Suddenly, he edged over to the sidewalk and pulled up beside three young black men who eyed our cab suspiciously.
“You know some Institute around here?” the driver snapped.
The older-looking one among them stepped forward as the group’s spokesman.
“Yeah, what?” said the driver impatiently.
“Two blocks down and hang a left.”
Without bothering to thank his informants for their critical information, the driver sped off and within minutes we were alongside an imposing stone building set in the midst of a vast quadrangle, surrounded by a high fence and with a church spire in the background. I scanned the building for an entrance, but nothing stood out. Then I spotted a doorway with an armed guard outside. That’s got to be it, I thought.
“Stop here,” I instructed the driver.
As the car slid over to the kerb, the guard ambled towards us. I looked at the meter and gulped. My American dollars were rapidly disappearing. I counted out the amount on the meter and put it in my pocket. The driver went to the trunk and hauled out my case. I handed him the money. He checked each bill and scowled.
“No tip?” he asked.
“Sorry mate, that’s all I’ve got,” I pretended in my best Australian accent.
The security guard didn’t seem too impressed with my generosity either, but he let it pass.
“You lookin for the Ecoomenical Institoot?” he queried.
“Yes, I am,” I replied, relieved that at last I had found someone who knew what I was talking about. He pointed to the door. As he did, I noticed a highly tarnished brass plaque that from the road was all but invisible. So this was the grand establishment, I thought to myself. As nondescript as you would expect such a nondescript organization to be.
I took a deep breath and rallied myself one last time. When I reached the door, I gave it a sharp rap. No response. I tried again and looked at the guard.
“Sometimes it takes a few minutes if the person on dooty isn’t there,” he remarked.
Consoled, I waited a little and knocked a third time. The door opened and a tall young man with a balding head appeared, walkie-talkie in his left hand.

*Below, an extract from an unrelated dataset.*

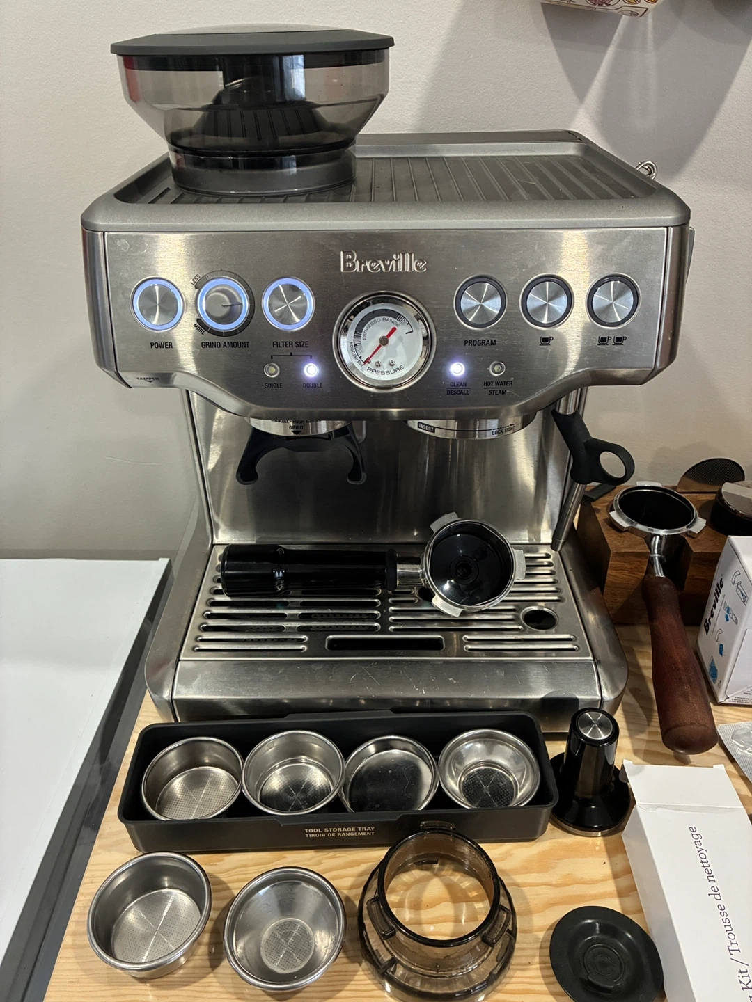 Selling a Breville Barista Express espresso machine. It comes with all original accessories and more shown in the pictures. Notable ones include

“Hi, I said. I’m John Burbidge. I’ve just come from Australia. I’m here for the Global Academy.”
“C-c-c-c-ome inside. I’m H-H-H-H-Henry S-S-S-S-Seale,” he stuttered, as he held out his right hand to greet me.
Henry’s speech impediment seemed much worse than mine, which I managed to conceal from most people most of the time. In a strange way, it was reassuring to find another person in the Institute who shared my little secret. But what were the odds, I wondered, out of the hundreds of staff in the organization that the first person I should meet on arrival was someone who also stuttered. Henry would probably never have guessed how strangely comforting this was to me. Before I had even crossed the threshold, I began to feel at home, shedding some of the many phobias I had accumulated since I began my journey four days before. I was exhausted and ready to collapse. But I had made it, all the way from Perth, even though I was a week late for the start of the program. Congratulations were definitely in order.
Welcome to the United States of America, I said silently to myself.